■ **WHAT IS REQUIRED**
Please write out only the lines from the line with "DESCRIÇÃO:SUÍÇA - HISTÓRIA" to the line with "7月14日,游客在游览悬壁长城。新华社记者 马宁 摄", inclusive, exactly as they stand below, without the pictures.

■ **INFORMATION SUPPLIED**

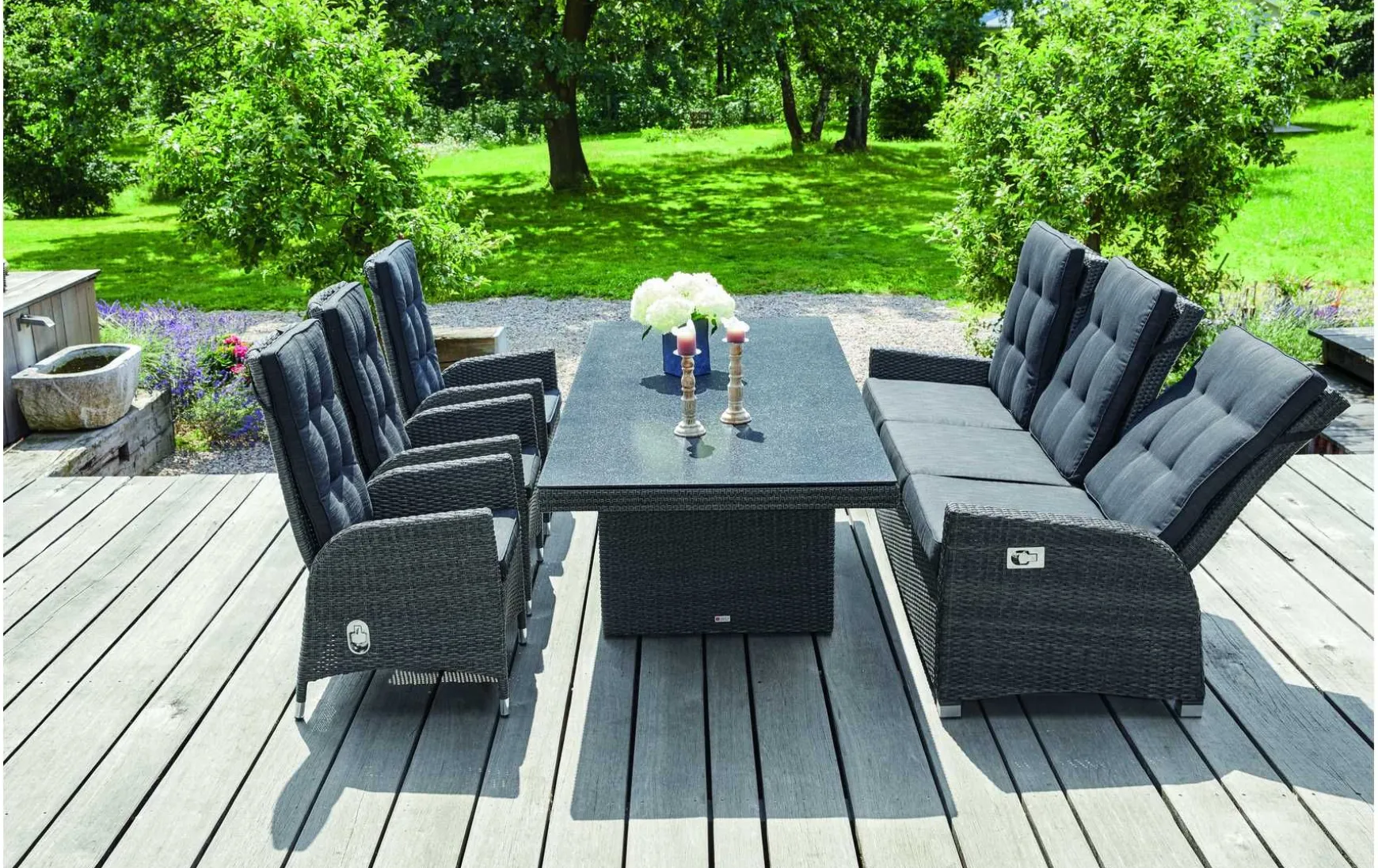 - Pflegehinweise: Schützen Sie Ihre Gartenmöbel vor Feuchtigkeit, Verschmutzung, Regen, Staub und Schnee.
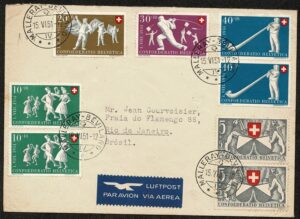 DESCRIÇÃO:SUÍÇA - HISTÓRIA POSTAL - Ano 1950 - 3 envelopes registrados circulados para o Rio de Janeiro (2 com chegada) e porteados...
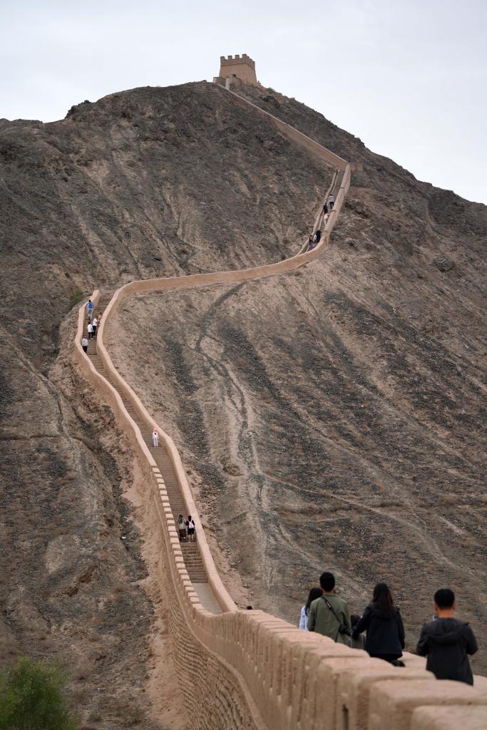7月14日,游客在游览悬壁长城。新华社记者 马宁 摄
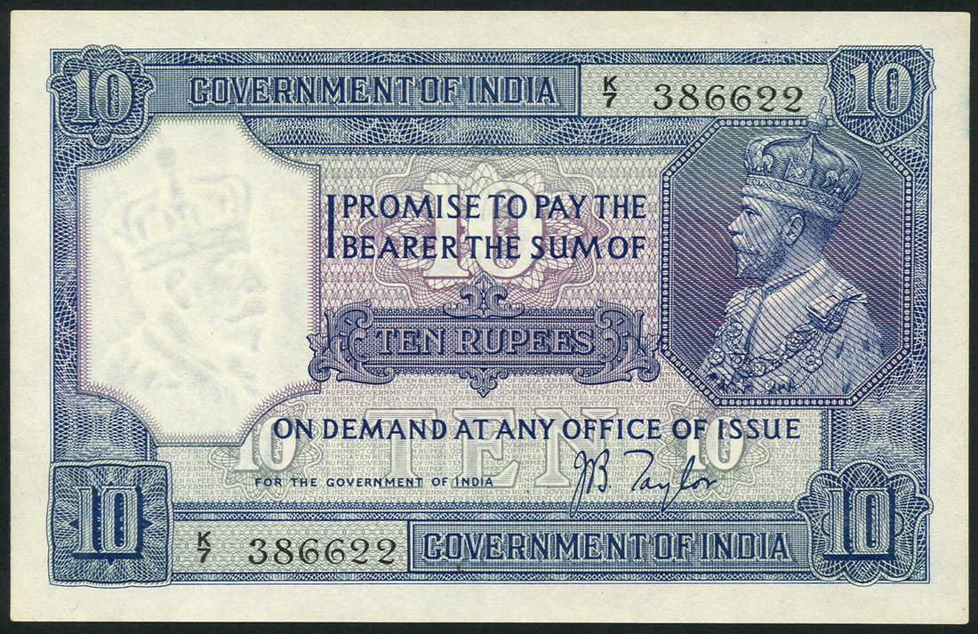 (x) Government of India, 10 rupees, serial number K/7 386622, blue on lilac and green, George V at right, J B Taylor signature variety,

■ **EXERCISE RESPONSE**
 DESCRIÇÃO:SUÍÇA - HISTÓRIA POSTAL - Ano 1950 - 3 envelopes registrados circulados para o Rio de Janeiro (2 com chegada) e porteados...
7月14日,游客在游览悬壁长城。新华社记者 马宁 摄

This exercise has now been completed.